4. Permukaan bahan yang akan dicat harus benar-benar sudah dipersiapkan untuk
pengecatan, sesuai persyaratan pabrik cat dan bahan yang bersangkutan. Permukaan
yang akan dicat harus benar-benar kering, bersih dari debu, lemak/minyak dan noda-
noda yang melekat.
5. Setiap pengecatan yang akan dimulai pada suatu bidang, harus mendapat persetujuan
dari Pengawas.
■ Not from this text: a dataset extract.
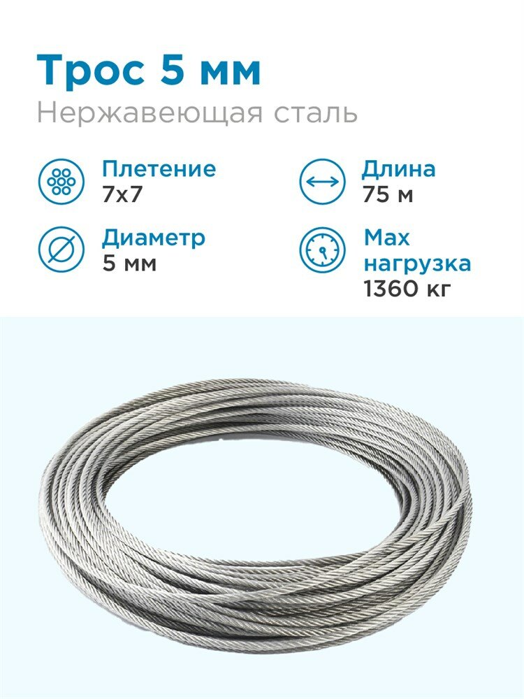 Гидротек Трос нержавеющая сталь 7x7 AISI 304, 5мм бухта 75 метров информация:

Sebelum memulai pengecatan, Kontraktor wajib melakukan percobaan
untuk disetujui Pengawas.
6. Kontraktor tidak diperkenankan memulai suatu pekerjaan di suatu tempat bila ada
kelainan/perbedaan di tempat itu sebelum kelainan tersebut diselesaikan.
7. Bila ada kelainan dalam hal apapun antara gambar dan lain-lainnya, maka Kontraktor
harus segera melaporkannya kepada Pengawas .
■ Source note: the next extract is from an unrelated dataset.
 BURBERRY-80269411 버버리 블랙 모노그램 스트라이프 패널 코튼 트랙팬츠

8. Kontraktor wajib memperbaiki/mengulangi/mengganti kerusakan yang terjadi selama
masa pelaksanaan dan masa garansi, atas beban biaya Kontraktor, selama kerusakan
bukan disebabkan oleh tindakan PemberiTugas dan atau sesuai teknis pelaksanaan dari
pabrikTanal.

Teknis :

1. Lakukan pengecatan dengan cara terbaik, yang sesuai dengan prosedur dan teknik
pengecatan Tanal. Dilakukan kecuali spesifikasi lain. Jadi urutan pengecatan,
penggunaan lapisan-lapisan dasar dan tebal lapisan penutup minimal sama dengan
persyaratan pabrik. Pengecatan harus rata, tidak bertumpuk, tidak bercucuran atau
ada bekas - bekas yang menunjukkan tanda-tanda sapuan atau semprotan dan roller.
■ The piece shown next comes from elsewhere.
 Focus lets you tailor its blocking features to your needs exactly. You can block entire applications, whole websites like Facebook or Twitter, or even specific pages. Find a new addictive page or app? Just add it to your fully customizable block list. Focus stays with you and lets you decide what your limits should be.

2. Kesiapan dinding dalam aplikasi cat harus didasarkan pada evaluasi pabrik cat yang
dipilih atau ditunjuk.
3. Sapukan semua dasar dengan cat dasar memakai kuas. Penyemprotan hanya diijinkan
dilakukan bila disetujui Pengawas.
4. Pengecatan kembali dilakukan bila ada cat dasar atau cat akhir yang kurang menutupi,
atau lepas. Pengulangan pengecatan dilakukan sebagaimana ditunjukkan oleh
Pengawas, serta harus mengikuti petunjuk dan spesifikasi yang dikeluarkan pabrik
yang bersangkutan.
5. Kerapian pekerjaan cat ini dituntut untuk tidak mengotori dan menggangu pekerjaan
finishing lain, atau pekerjaan lain yang sudah terpasang. Pekerjaan yang tidak
sempurna diulang dan diperbaiki atas tanggungan Kontraktor.